Member of the Chamber of Deputies
- In office 29 May 2010 – 28 August 2013

Personal details
- Born: January 27, 1958 (age 68) Litvínov, Czechoslovakia (now Czech Republic)
- Party: ODS (2001−2009) Věci veřejné (2010−2012) STAN
- Alma mater: Pedagogy Faculty, University of Hradec Králové
- Profession: Teacher

= Milan Šťovíček =

Czech politician

Milan Šťovíček (* 27 January 1958 Litvínov) is a Czech politician, a Member of Parliament from 2010 to 2013, and Mayor of the North Bohemian town of Litvínov from 2006 to 2009, and again from 2010 to 2014. He became Deputy Mayor of Litvínov following the December 2014 municipal elections after his party came in fourth place. He is one of the most prominent opponents in North-West Bohemia of repealing the brown coal mining limits in Mostecko.

== Education and professional career ==
Šťovíček graduated from grammar school in 1977 and then worked as a zoologist at the District Museum in North-West Bohemian city of Most. He later studied at the Pedagogy Faculty of the University of Hradec Králové and taught at primary school in Meziboří u Litvínova.
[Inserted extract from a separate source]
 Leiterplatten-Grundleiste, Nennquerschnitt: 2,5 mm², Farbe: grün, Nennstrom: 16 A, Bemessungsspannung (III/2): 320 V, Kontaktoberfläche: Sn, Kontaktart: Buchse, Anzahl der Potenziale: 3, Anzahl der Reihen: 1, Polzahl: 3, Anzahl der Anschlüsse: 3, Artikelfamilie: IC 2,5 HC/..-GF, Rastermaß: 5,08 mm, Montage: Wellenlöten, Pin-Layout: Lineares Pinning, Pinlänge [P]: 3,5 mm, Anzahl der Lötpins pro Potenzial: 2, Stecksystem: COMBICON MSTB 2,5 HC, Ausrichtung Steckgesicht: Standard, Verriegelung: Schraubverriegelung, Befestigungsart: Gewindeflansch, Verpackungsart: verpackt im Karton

He became principal of this school in 1990. In 1992 he became the principal of the specialist secondary school for environmental protection and renewal Schola Humanitas in Litvínov.

== Political career ==
In 2001 Šťovíček joined the ODS and was elected Deputy Mayor of Litvínov on its ticket in June 2003 and later mayor. In March 2009 he was removed from the mayoralty by his own party colleagues after which he returned to Schola Humanitas. In October 2009 he resigned from functions and terminated his membership in ODS.
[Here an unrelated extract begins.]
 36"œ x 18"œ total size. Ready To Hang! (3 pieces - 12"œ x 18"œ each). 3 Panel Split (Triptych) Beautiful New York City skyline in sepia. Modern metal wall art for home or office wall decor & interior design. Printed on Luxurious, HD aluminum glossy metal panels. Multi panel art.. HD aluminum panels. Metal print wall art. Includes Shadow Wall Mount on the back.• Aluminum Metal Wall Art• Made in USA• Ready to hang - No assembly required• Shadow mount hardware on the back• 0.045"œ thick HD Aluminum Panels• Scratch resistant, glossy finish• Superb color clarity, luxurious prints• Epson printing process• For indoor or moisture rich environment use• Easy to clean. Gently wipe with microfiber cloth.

He has long been an opponent of efforts to repeal the coal mining limits in the vicinity of Litvínov which would result in mining operations at the Czechoslovak Army Mine encroaching within 500m of homes in the city. In May 2010 he was elected the lead regional candidate of the newly formed political party Věcí veřejné in the Ustí region to the Chamber of Deputies of the Parliament of the Czech Republic. From May 2011 he was party deputy leader and in November 2010 he was returned to the post of mayor of Litvínov for the party in municipal elections. In April 2012 he resigned as deputy leader of Věci veřejné and on 1 November 2012 he was kicked out of the party because even after his departure from the party he continued to support the government of Petr Nečas. In April 2013 he joined the parliamentary grouping of TOP 09 and Mayors and Independents and later became a signed-up member.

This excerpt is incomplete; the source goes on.